The Senate Committee on Customs, Excise and Tariff, Sen. Hope Uzodinma has called on relevant agencies of the government to check rice smuggling to enhance Nigerian economic development.
Uzodinma made the call during the committee’s meeting with the Minister of State for Agriculture, Heineken Lokpobiri and beneficiaries of rice importation waivers/concessions on Thursday, in Abuja.
He noted that the committee was mandated by the Senate to identify those behind rice smuggling and by the end of the investigation the committee would submit its report to the Senate.
“We have identified the various identities of these people and we will submit the report to the senate in plenary.
“The senate will take the decision on how best to stop those people because it has affected negatively the growth of our economy and the growth of genuine business activities.

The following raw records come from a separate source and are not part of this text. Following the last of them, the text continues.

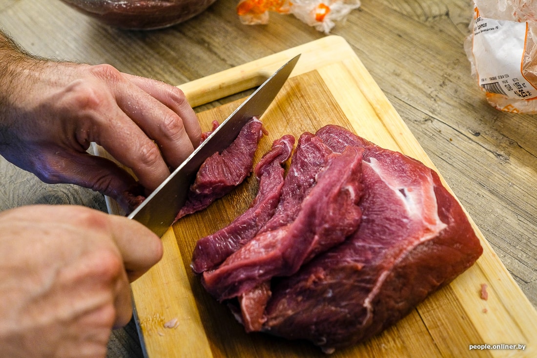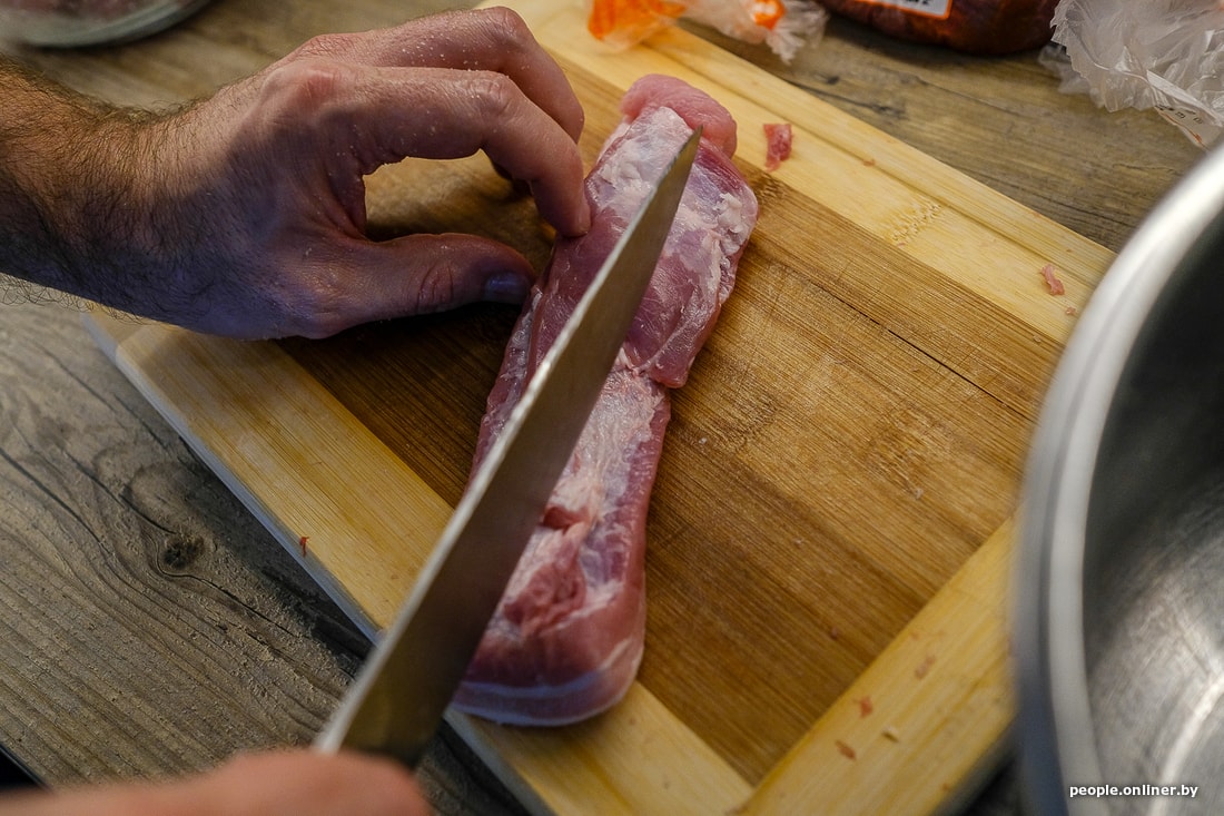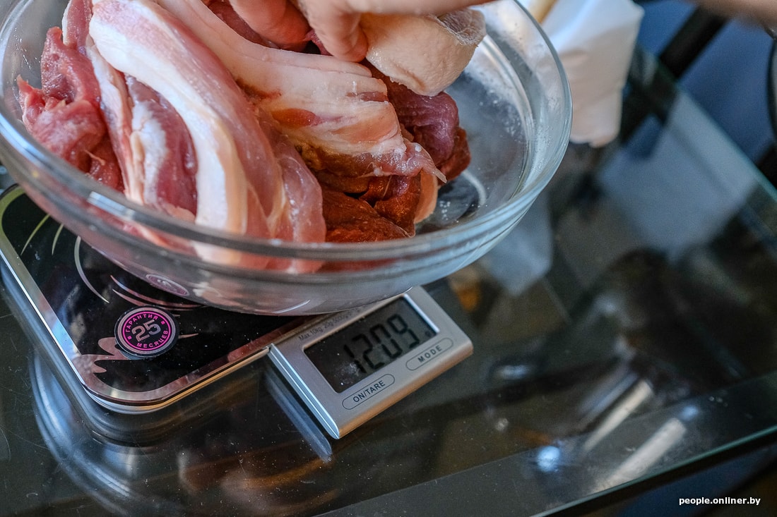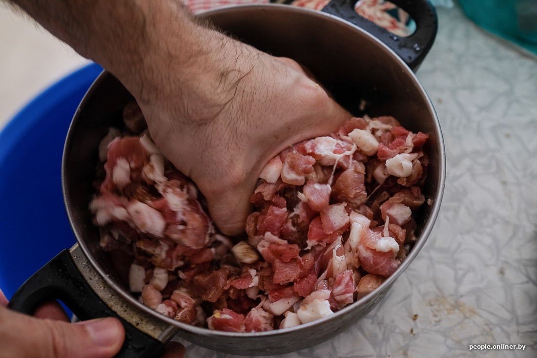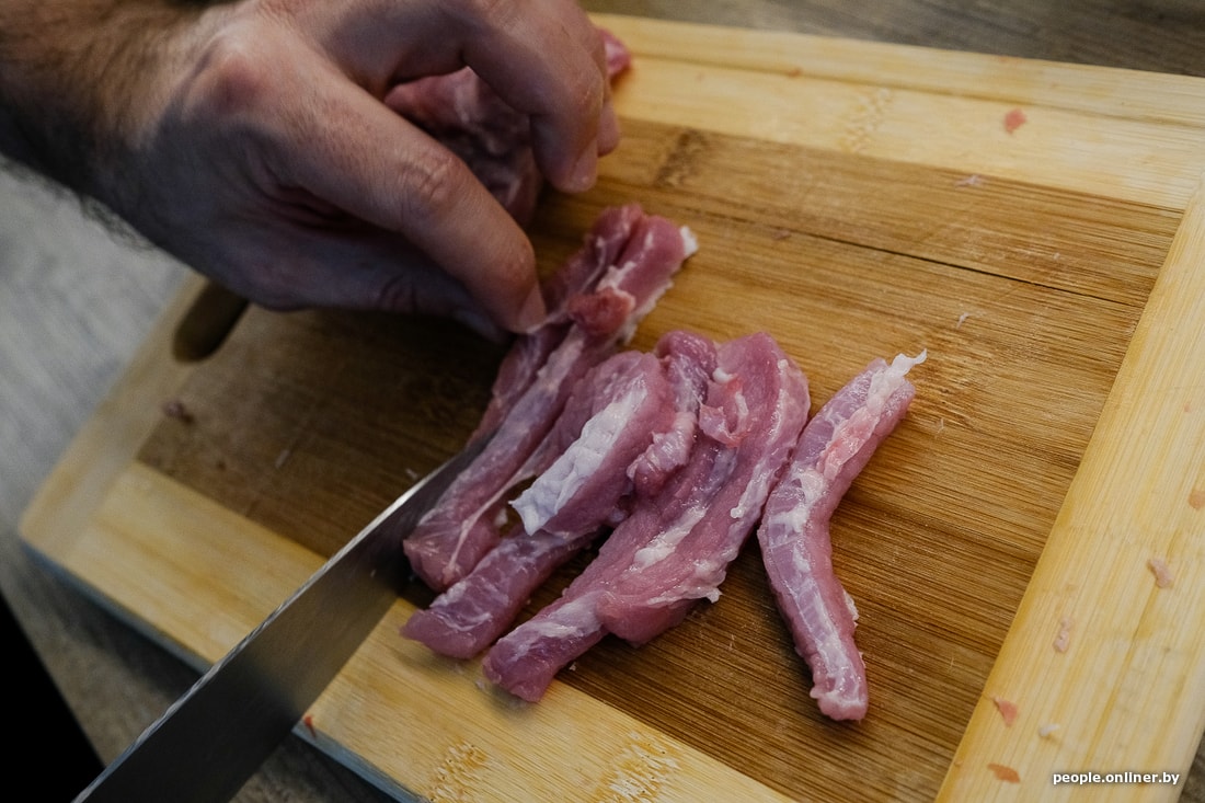 — Снимаем с сала шкуру. Она лишняя, хотя, если ее измельчить и добавить в сардельки, она даст очень хороший вкус. Это же чистый коллаген такой — липкий, соединительный, — рассказывает художник. Ему виднее. Но некрасивые кусочки сала мы тоже отрезаем. Эксперты начинают спорить о том, что такое «сдор» и какое сало вкуснее. Оставим это для следующего эксперимента, уяснив следующее: жир должен быть хребтовым, упругим, твердым.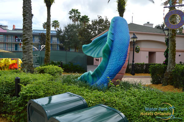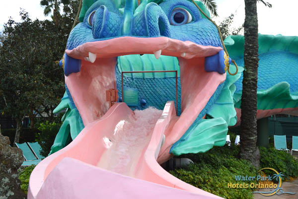 Walking out of the back of the French Quarter Lobby, a few happy alligators meet you to play a jazz tune as you walk the path to the Family Pool. A colorful serpent can be seen from a distance due to its massive size and it slithers along the pool inviting guests to join in the fun. The arches of the beast act as bridges and underpasses to add to the fun of getting around the Doubloon Lagoon. A water slide is built into the mouth of the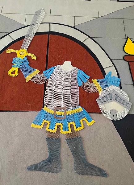 Krajky byly vyrobeny z barevných bavlněných nití a na výrobu hradu a podkladu byla použitá syntetická (polyesterová) plsť, která i do budoucna zajístí stálost a odolnost této velkoprostorové krajky.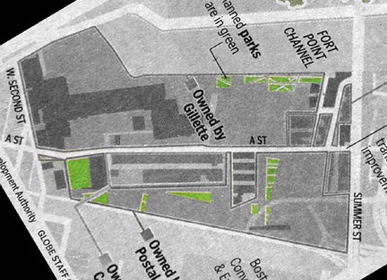Shown: The Gillette/USPS plan as adopted by the BRA, presented in 2002 to the newly formed Fort Point Advisory Committee after 20+ meetings of the Fort Point Working Group.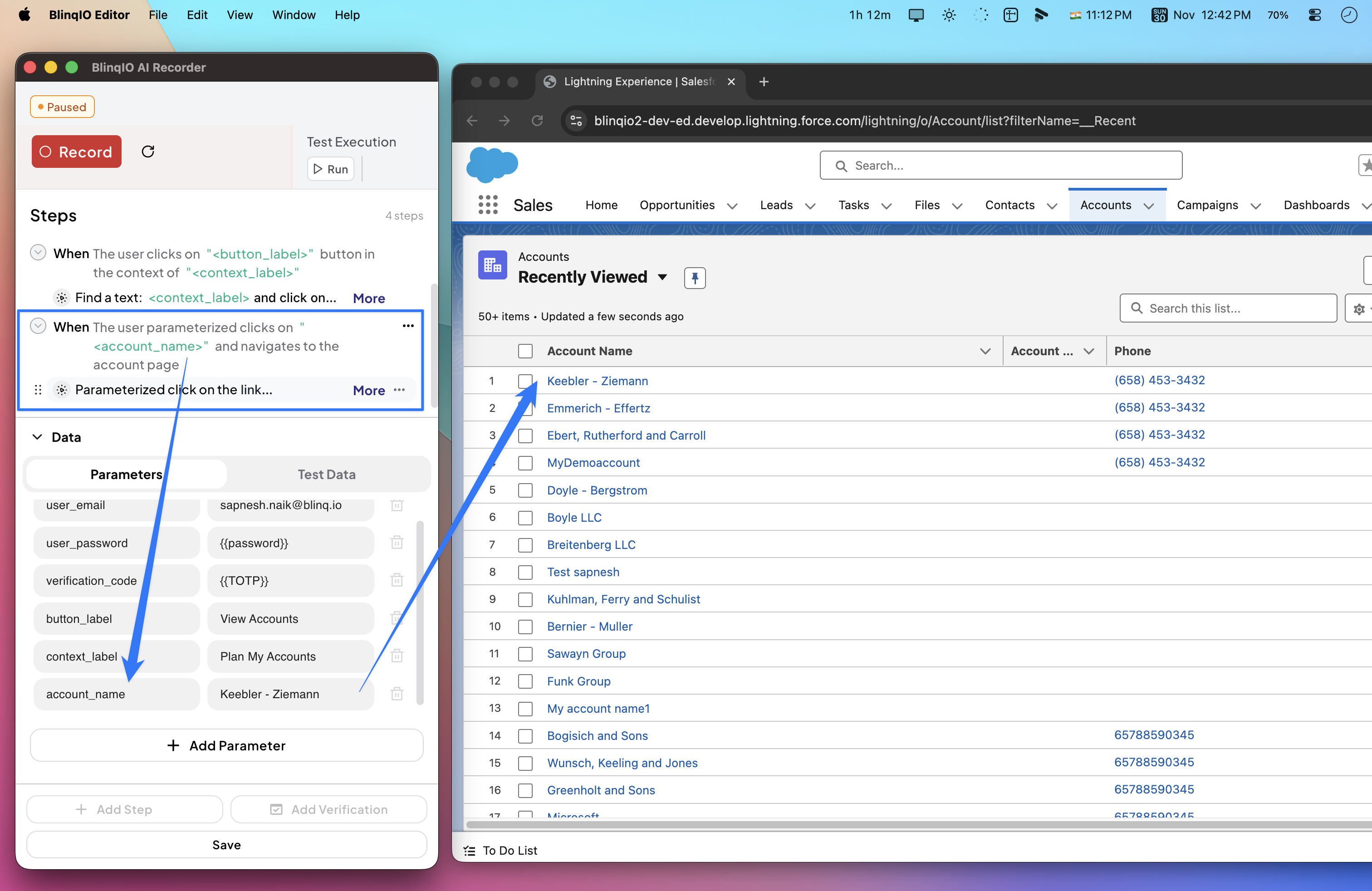 Use parameterized clicks to keep your scenarios flexible. Instead of recording multiple steps, change a single parameter value to test different elements.

The lawmaker said the activities of the smugglers had hindered economic growth, calling on the government to stop the menace.
“What is startling is that these people are in all the sectors of the economy.
“If we continue this way it means that at the end of the day, we will be left with no economy at all and unemployment will continue to swell.
“So the government must take courage to bring these people to book and curb the excesses of these people and ensure there is genuine economic growth and business activity in the country.”
Responding, Lokpobiri said a lot of jobs and trillions of naira were lost as a result of smuggling.
“You cannot actually quantify what we are losing. We must do everything humanly possible to promote local production and milling of rice.
“We are now producing over 17 million metric tonnes of paddy (rice as harvested from the fields, and before it is milled) as against the 7 million metric tonnes produced when we came into government.
“We are still improving on the capacity of rice milling. As government is interested in protecting our farmers: we will do everything legally possible “about smuggling of the commodity.
The minister said the 2014 policy with regards to rice production was meant to encourage local industries to go into rice milling.
According to the minister, rice smuggling is an infraction to the policy.
“The policy then was that if you have a rice mill in Nigeria, you will be given some quota to import rice to be able to cover the gap that existed between the local production and local consumption.
“And if you import rice as a rice miller you are going to pay 10 per cent duty and then 20 per cent levy.
“But the policy was also extended to rice traders who were given quota to import rice and their own was 10 per cent duty and 60 per cent levy.
“The list of companies that you directed us to come with were the companies that benefited from that policy but there were infractions,” he said.